While recently every kind of extreme weather event has been blamed on warming, in the Seventies the culprit was cooling. One article predicted ‘the most devastating outbreak of tornadoes ever recorded’, along with ‘droughts, floods, extended dry spells and long freezes’.
The current Energy Bill is set to increase subsidies for wind turbines to £7.6 billion a year – leading to a combined cost of £110 billion. Motorists will soon see a further 3p per litre rise in the cost of petrol because this now has to contain ‘biofuel’ ethanol.
Many scientists say the pause, and new research into factors such as smoke particles and ocean cycles, has made them rethink what is termed ‘climate sensitivity’ – how much the world will warm for a given level of CO2.

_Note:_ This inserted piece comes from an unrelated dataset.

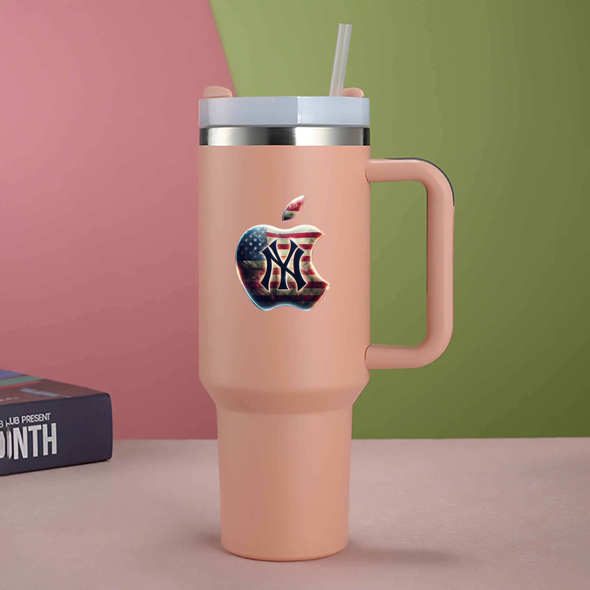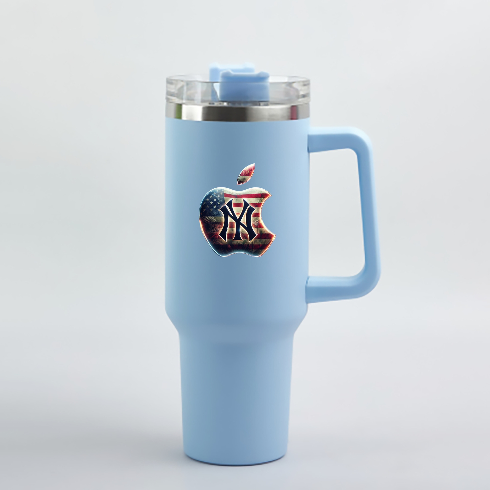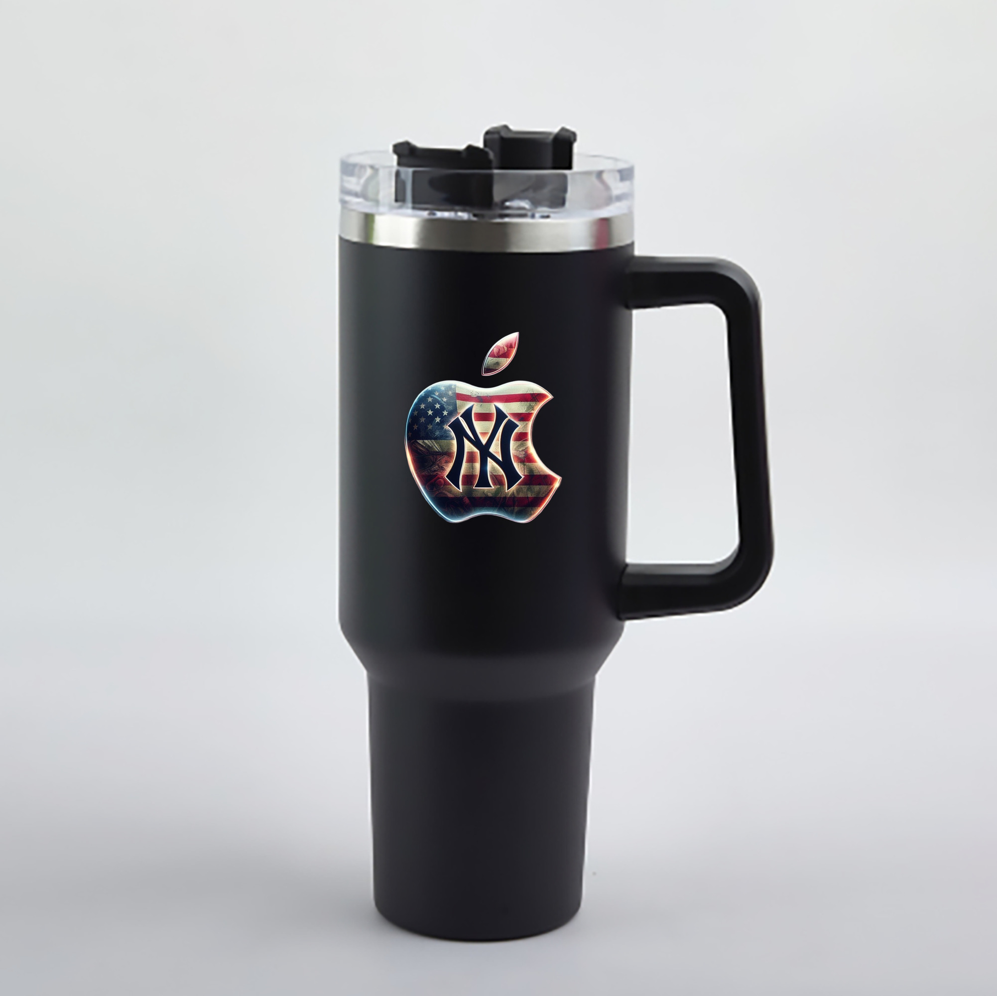 A generic imageNew York Yankees Apple US Flag 40oz Handle Car Cup With Crystal Sticker Design – Durable Stainless Steel Travel Mug With Reusable Straw – Double Wall InsulatedNew York Yankees Apple US Flag 40oz Handle Car Cup With Crystal Sticker Design – Durable Stainless Steel Travel Mug With Reusable Straw – Double Wall Insulated

Yesterday Piers Forster, Climate Change Professor at Leeds University, said: ‘The fact that global surface temperatures haven’t risen in the last 15 years, combined with good knowledge of the terms changing climate, make the high estimates unlikely.’
And Professor Judith Curry, head of climate science at the prestigious Georgia Institute of Technology, said: ‘The models are running too hot. The flat trend in global surface temperatures may continue for another decade or two.’Climate scientist Dr James Annan, a prominent ‘warmist’, recently said higher estimates for climate sensitivity now look ‘increasingly untenable’.
Avowed climate sceptics are more unequivocal. Dr David Whitehouse, author of a new report on the pause published on Friday by Lord Lawson’s Global Warming Policy Foundation, said: ‘This changes everything. It means we have much longer to work things out. Global warming should no longer be the main determinant of anyone’s economic or energy policy.’